- Cambricon plans to produce 500,000 AI accelerator chips next year
- The Siyuan 590 and 690 models total 300,000 units
- Current rates of return are still extremely low, only 20%
Chinese chipmaker Cambricon Technologies aims to triple AI chip production by 2026, seeking to fill the gap left by Nvidia’s withdrawal from the Chinese market.
Bloomberg reports that the company intends to produce approximately 500,000 AI accelerator chips next year, with 300,000 units made up of its flagship Siyuan 590 and 690 models.
This represents a sharp increase from the approximately 142,000 units expected by 2025, but Cambricon still faces significant manufacturing challenges.
Manufacturing challenges and performance limitations
The reported yield rate for its 590 and 690 chips is only 20%, meaning that only one in five chips produced is usable.
Even with access to Semiconductor Manufacturing International’s capacity, actual production could fall well below projections.

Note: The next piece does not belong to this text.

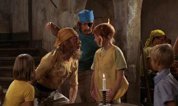 Die erfindungsreiche Pippi sorgt aber sehr bald für Möglichkeiten, um ihren Vater zu retten, den Piraten ihr Schiff wegzunehmen und die übrige Mannschaft zu befreien. Sie hofft auch, daß ihr Vater mit in die „Villa Kunterbunt" zurückfährt, aber er will weiter auf den Weltmeeren segeln, und so kehren Pippi, Tommy und Annika allein zurück.

By comparison, TSMC’s 2nm technology, seven generations ahead of SMIC’s capabilities, achieves 60% performance, showing the efficiency gap.
Memory shortages, including HBM and LPDDR components, further threaten the ability to meet production targets, potentially slowing delivery to data center customers.
Cambricon’s move comes as Chinese companies such as Alibaba and ByteDance increasingly favor local suppliers.
They are backed by Chinese government incentives to push for semiconductor independence from China.
Cambricon’s reported revenue for the latest quarter increased fourteen-fold, demonstrating strong domestic demand and investor confidence.
However, this plan will put Cambricon in direct competition with technology giant Huawei, which plans to double its chip production, increasing pressure on Cambricon.
Both companies compete for similar wafers and manufacturing resources, creating bottlenecks that could limit production speed and scale.
Cambricon’s strategy relies heavily on the 7nm “N+2” process node at SMIC, but it is still uncertain whether it can sustain large-scale manufacturing.
Trade restrictions and chip embargoes over the past year have restricted access to high-end AI hardware, making domestic alternatives essential to national AI ambitions.
The gap between China’s current semiconductor technology and Western competitors such as Nvidia, AMD and Intel remains substantial.
Cambricon GPU chips are still far behind in performance and efficiency compared to global top-tier products.
CPU workloads in Chinese data centers may continue to rely on existing infrastructure while AI accelerators grow.
Integration of these new chips into workstations will likely be tested as companies adjust to the limitations of local hardware.
In a neutral assessment, Cambricon’s expansion shows the growing strategic importance of domestic AI chip production.
Strong government support and growing domestic demand fuel its momentum, but inefficiencies and competition for resources can limit its full potential.